##### Material provided

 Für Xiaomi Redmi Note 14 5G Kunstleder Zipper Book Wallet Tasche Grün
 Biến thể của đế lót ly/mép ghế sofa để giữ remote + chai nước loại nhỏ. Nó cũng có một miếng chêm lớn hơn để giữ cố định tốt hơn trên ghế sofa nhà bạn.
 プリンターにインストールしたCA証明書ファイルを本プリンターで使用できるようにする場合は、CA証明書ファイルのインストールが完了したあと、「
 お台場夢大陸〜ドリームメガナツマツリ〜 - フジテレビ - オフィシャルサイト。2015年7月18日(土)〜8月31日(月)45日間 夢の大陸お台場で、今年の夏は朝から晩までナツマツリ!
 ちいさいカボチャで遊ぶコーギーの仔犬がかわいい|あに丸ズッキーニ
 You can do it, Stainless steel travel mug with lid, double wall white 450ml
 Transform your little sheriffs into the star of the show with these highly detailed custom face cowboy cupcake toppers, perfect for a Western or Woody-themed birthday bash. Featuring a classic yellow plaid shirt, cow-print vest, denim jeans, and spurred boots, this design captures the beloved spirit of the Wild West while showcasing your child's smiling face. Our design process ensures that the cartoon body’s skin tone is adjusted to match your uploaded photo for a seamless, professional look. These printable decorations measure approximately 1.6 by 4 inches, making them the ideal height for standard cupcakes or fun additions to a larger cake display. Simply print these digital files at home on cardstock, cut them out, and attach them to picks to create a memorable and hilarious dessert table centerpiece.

##########
##### Material provided

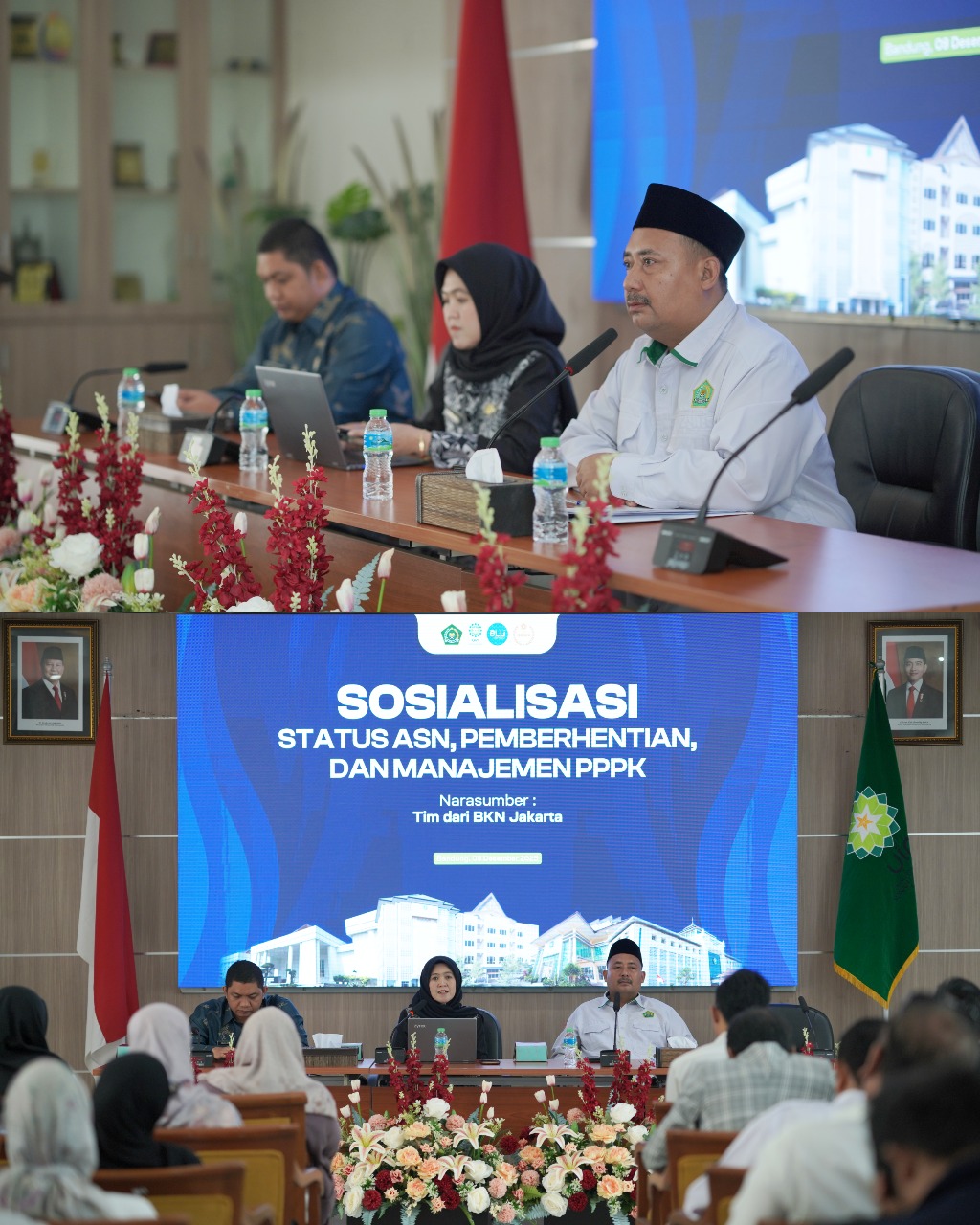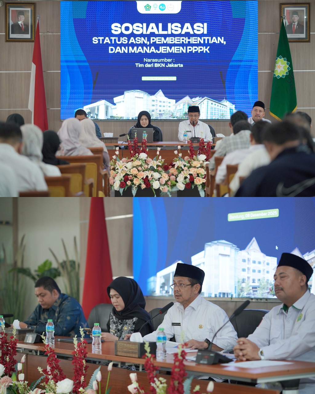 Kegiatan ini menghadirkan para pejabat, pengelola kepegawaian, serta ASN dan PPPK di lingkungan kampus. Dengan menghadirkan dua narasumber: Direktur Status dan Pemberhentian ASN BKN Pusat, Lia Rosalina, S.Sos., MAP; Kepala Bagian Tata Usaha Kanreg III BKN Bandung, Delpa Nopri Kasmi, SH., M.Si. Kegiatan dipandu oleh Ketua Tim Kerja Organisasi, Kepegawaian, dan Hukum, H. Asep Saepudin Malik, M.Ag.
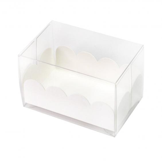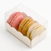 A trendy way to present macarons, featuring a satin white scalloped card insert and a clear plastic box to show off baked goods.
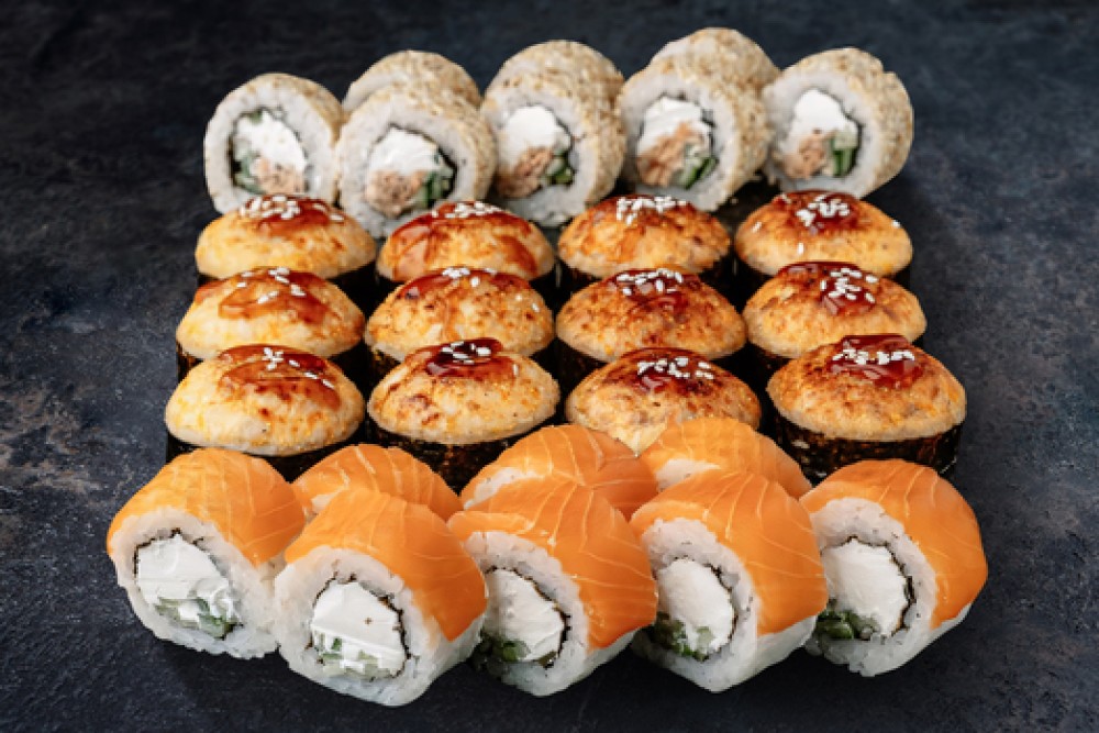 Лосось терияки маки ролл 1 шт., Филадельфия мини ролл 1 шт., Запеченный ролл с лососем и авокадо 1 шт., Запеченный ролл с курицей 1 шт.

##########
##### Material provided

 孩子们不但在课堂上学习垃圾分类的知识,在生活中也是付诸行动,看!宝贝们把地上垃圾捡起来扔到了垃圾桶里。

##########

In the listing above, locate the line containing "プリンターにインストールした" and the line containing "You can do it, Stainless". Transcribe those two lines and everything between them, exactly as written.

 プリンターにインストールしたCA証明書ファイルを本プリンターで使用できるようにする場合は、CA証明書ファイルのインストールが完了したあと、「
 お台場夢大陸〜ドリームメガナツマツリ〜 - フジテレビ - オフィシャルサイト。2015年7月18日(土)〜8月31日(月)45日間 夢の大陸お台場で、今年の夏は朝から晩までナツマツリ!
 ちいさいカボチャで遊ぶコーギーの仔犬がかわいい|あに丸ズッキーニ
 You can do it, Stainless steel travel mug with lid, double wall white 450ml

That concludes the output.